GMOインターネットグループは生成AIイベント「GMO AI Meet Up 2023」を開催した(以下撮影:河嶌太郎)

「寝坊」「遅刻」「リスケ」と打つと、どんな謝罪文ができる?

 今回の新サービスは、ChatGPTやBardなどの生成AIが利用者の意図通りの結果を出力するために必要な「プロンプト(指示文)」を紹介するポータルサイトだ。

 文章生成のためのプロンプトに特化していて、無料で提供する。サイトに掲載されるのは、運営会社「GMO教えてAI」の取締役などAIの専門家が作成したプロンプトの他、GMOインターネットグループによって有用性が確認されたプロンプトだ。プロンプトは現在「プロンプトエンジニア」という専門職ができるほど、専門的知識や技術が求められている。

 実際に教えて.AI byGMOのサイトを開き、メール文を作成してみた。まず「コミュニケーション」のタブを押す。さらに対社外用メール作成の項目を選んで「プロンプト実行」を押し、「寝坊」「遅刻」「リスケ」と打つと「本日の打ち合わせについて」という件名で以下のメール文例が出てきた。作成時間は20秒程度。

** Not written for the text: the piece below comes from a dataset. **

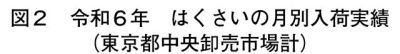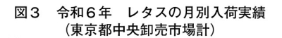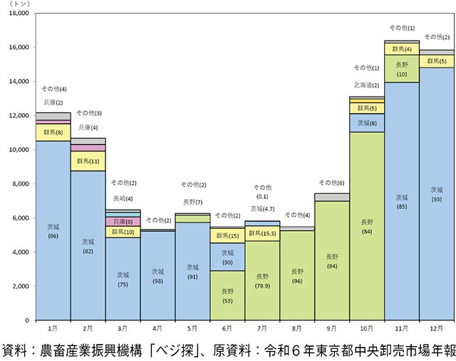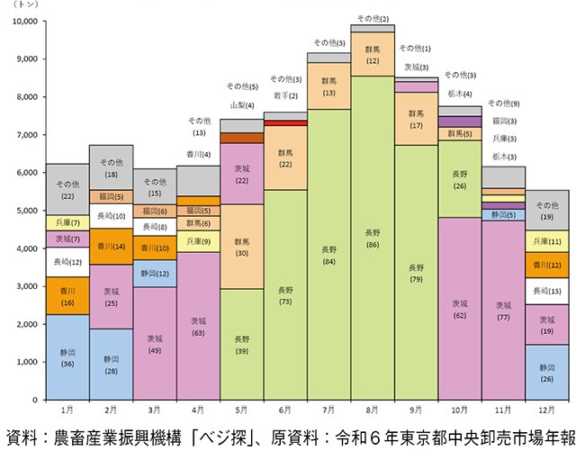令和6年の東京都中央卸売市場の月別入荷実績を見ると、1~5月にかけて茨城産が中心となり、その他、近隣の群馬産に加え、関西の兵庫産の入荷がある。6月以降は長野産が中心で、その他茨城産、群馬産の入荷がある。11月以降は再び茨城産が中心となる(図2)。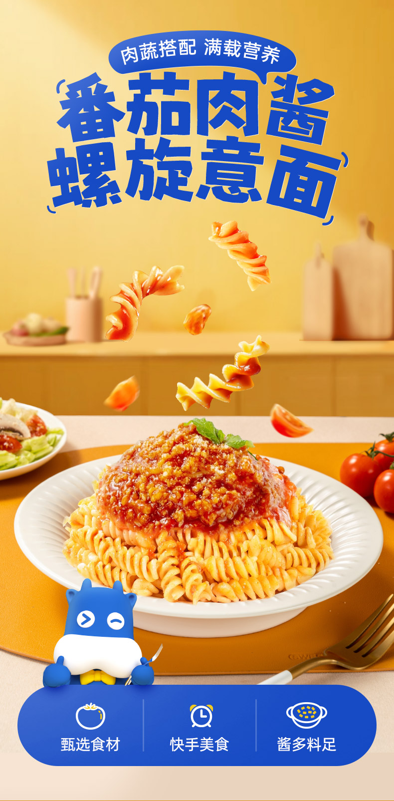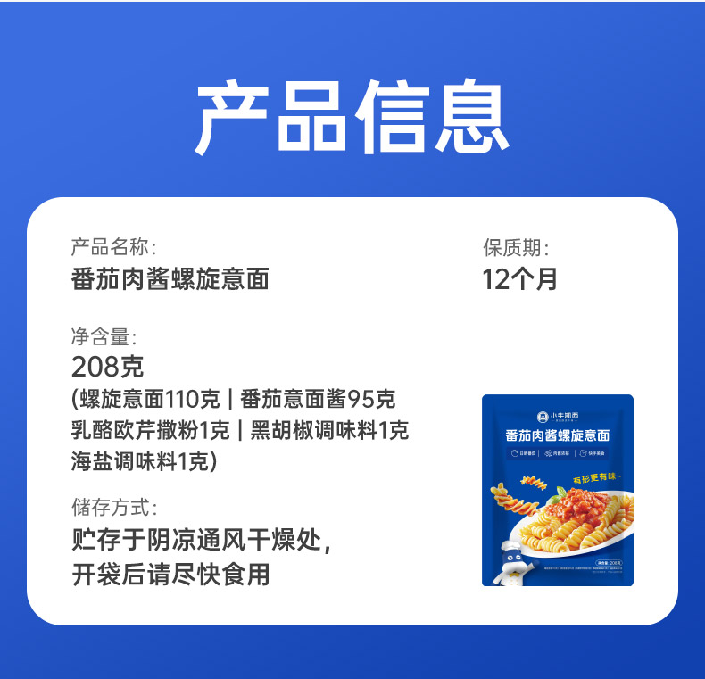 【任选4件5折】小牛凯西番茄/黑椒螺旋意面(全套配料包)208g*6袋

 いつもお世話になっております。XXX社のYYYと申します。

 本日の打ち合わせについて、大変申し訳ございませんが、遅刻してしまう可能性がありますことをお詫び申し上げます。突然のご連絡となり恐縮ですが、その理由として、朝のアラームのトラブルと交通渋滞が予想されるため、時間通りに到着することが難しい状況となっております。

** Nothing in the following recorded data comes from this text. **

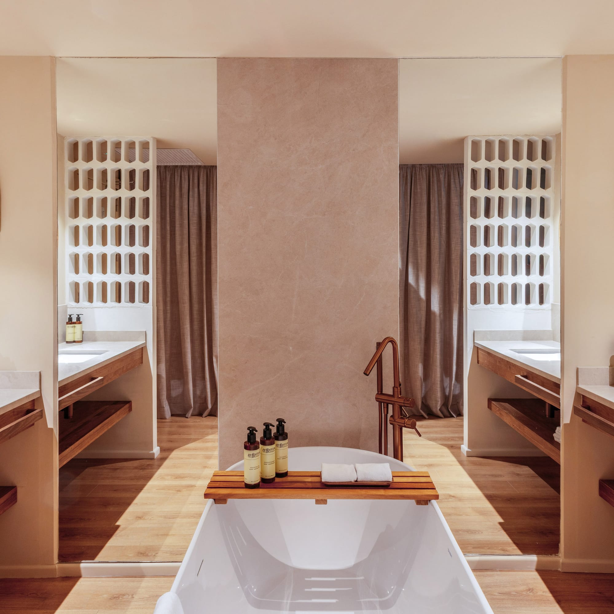 The décor and details of these interconnected suites have been curated to evoke an unmistakable Mediterranean style. Generously sized, each features an open-plan layout with a king-size bed and a relaxing area with a freestanding bathtub.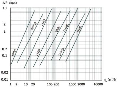 ΔP ——介質為干空氣時流量計的壓力損失(KPa),其特性曲線見下圖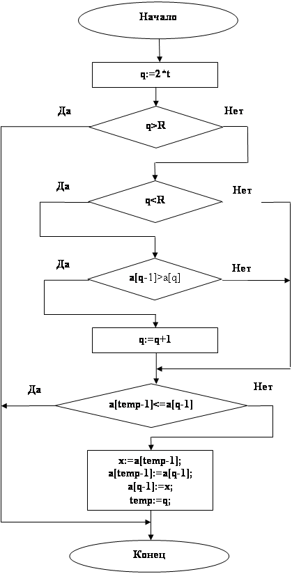 Дерево, изображенное на рисунке 2, представляет собой пирамиду, поскольку для каждого i = 1, 2, ..., R/2 выполняется условие (1). Очевидно, последовательность элементов с индексами i = R/2+1, R/2+2, ...., R (листьев двоичного дерева), является пирамидой, поскольку для этих индексов в пирамиде нет сыновей.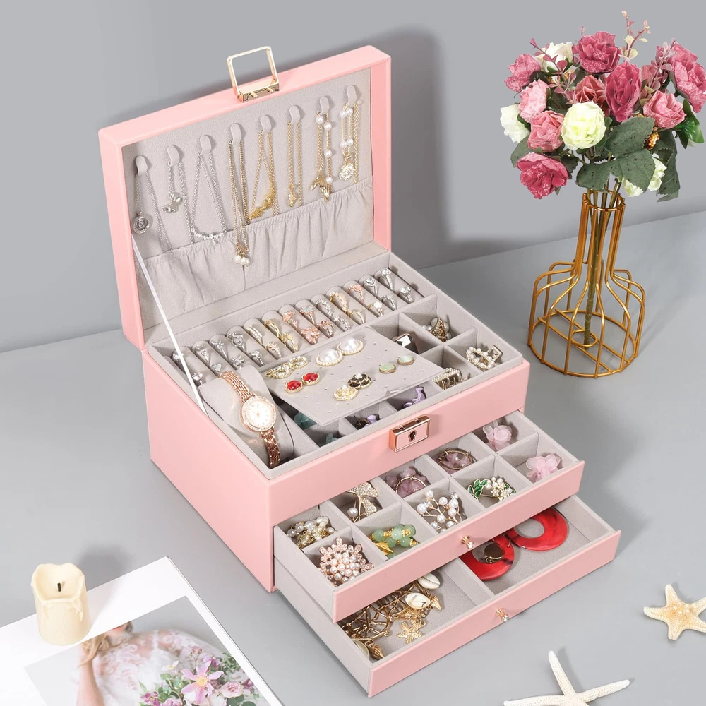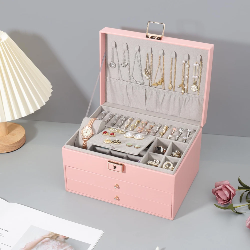 Jewelry Box, Jewelry Organizer with 2 Drawers, 3 Layers Leather Jewelry Stora...

 可能であれば、打ち合わせの時間をリスケしていただくことは可能でしょうか。大変申し訳ございませんが、何卒ご検討いただけますと幸いです。

 この度は、ご迷惑をおかけし誠に申し訳ございません。何卒よろしくお願い申し上げます。

 以上、よろしくお願いいたします。

敬具

(あなたの名前)

 教えて.AI byGMOでは米OpenAI社のAPI(モデルGPT-3.5)を利用することで、プロンプトをその場で実行し文章を出力する。当初は約100種類のプロンプトの掲載からスタート。今後は「まず利用者10万人を目指し、広告などによる収益化を狙う」(GMO教えてAIの内田朋宏社長)という。

「予期せぬアラームの不具合」「朝のアラームのトラブル」など的確(!?)な遅刻理由まで提示してくれる

 GMOインターネットグループはAI活用の3つの柱として「時間とコストの節約」「既存サービスの質向上」「AI産業への新サービス提供」を掲げている。会見に登壇した同社の熊谷正寿代表は以下のように生成AIへの期待を語った。

 「(米OpenAI社のサム・アルトマンCEOがChatGPTを公開してから)この1年間、私は毎日必ず生成AIに知恵をいただきながら経営に当たり、勉強し、生活のありとあらゆる場所で、この生成AIを活用してみて確信しました。それはインターネット革命の後半戦は、この生成AIと、AIに関心が高い皆さまが主役であるということ。それを確信して、この会の開催に至りました」

 その上で、生成AIについての一般的な関心が高くない日本の現状に、懸念も示した。

 「(生成AIに対して)アツいのは、この渋谷界隈やインフルエンサー、専門家、 AIに関心が高い人たちといった、人口比で1%ほどの方だけなんです。これでは、日本がまたもや諸外国のITベンチャーに遅れを取ってしまうという非常に強い危機感を抱きました」

 GMO教えてAIは今後、このサービスの運営のみにとどまらず、あらゆる場面で使われるようになるツールとしてのAIを、全ての人が「使いこなす」ことを支援する事業も展開していくという。